Cultivating Resilience In Children From Divorced Families

There are right ways, and there are wrong ways, to go about stopping a divorce from happening, and often there’s a very fine line between the two. You’ve probably heard a lot of tips and advice, especially if you’ve cruised the Internet looking for information. Can you believe everything you read online? Unfortunately, you can’t, because there are no controls over what anyone can write and post. With this in mind, there is something you need to consider. Take everything you read with a grain of salt; apply the advice if you think it’s something you should do, and ignore the suggestions that may get your marriage into even worse trouble.
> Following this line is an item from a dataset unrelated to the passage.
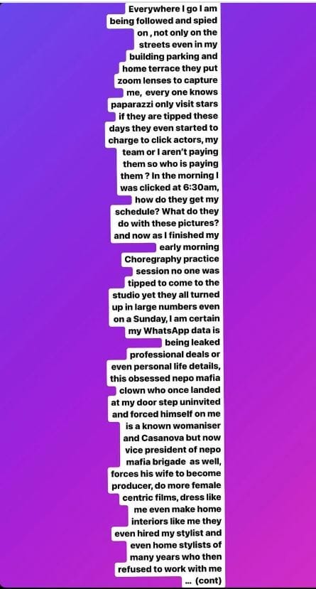 दरअसल, कुछ दिन पहले ही अभिनेत्री ने इंस्टा पोस्ट के माध्यम से जानकारी साझा की थी कि कोई उनका पीछा कर रहा हैं। वह जहां जाती है उन पर नजर रखी जा रही है। जिसे शेयर करते हुए उन्होंने लिखा था कि, ‘पापाराजी को स्टार्स तभी मिलते हैं जब उन्हें इस बात जानकारी दी जाती है और वे फोटोज भी तभी लेते हैं जब उन्हें पैसे इसके मिलते हैं। मैं या मेरी टीम उन्हें पैसे नहीं देते तो कौन दे रहा है? ये ऑब्सेस्ड नेपो माफिया जो एक बार बिन बुलाए मेरे दरवाजे तक पहुंच गया था, जो एक वुमनाइजर के तौर पर फेमस रहा है, उसके कई महिलाओं से रिलेशन रहे और अब माफिया ब्रिगेट का वाइस प्रेसिडेंट है।’

Most articles regarding marriage and divorce advise you to continue to communicate with cultivating resilience your soon-to-be-ex children spouse. It divorced seems families like a viable suggestion, and it is as long as you use this tool to your advantage. Chances are, you’ve already said too much, and anything else you say can be used against you. If you continue to insist on talking to your ex, such as by texting and calling them multiple times every day, your desire to communicate is going to end up hurting your cause. No one wants to be harassed constantly. Make one attempt to talk to your spouse, whether in person or on the phone. If he or she doesn’t want to talk, wait a few days to try again. You don’t want to scare them off by pressuring them too much.
Advice that tells you to keep the status quo in your marriage to help avoid the issues that cultivating resilience in children from divorced families may cause a divorce isn’t always very sound. Instead of choosing to ignore the issues while hoping they disappear, you need to proactively try to improve your marriage. Listen to what your spouse has to say, and resist the paranoia that will tell you that he or she is trying to blame you. Act interested in what your spouse has to say, and get down and dirty in your discussions about ways you can improve your relationship. Such techniques as thoughtfulness, tenderness, and compromise should be obvious enough for you to act upon them without being asked.
Also contrary to popular opinion, you can save your marriage without your spouse being committed to doing so. If you’re willing to be introspective and then to change the things you find wanting in your own behavior, you can make a big difference in the way your relationship turns out. No matter what type of advice you read, you need to realize that only you can change the future. If you need to talk with a marriage counselor for help and support, then you should definitely do so. No one said you had to tackle this hurdle alone.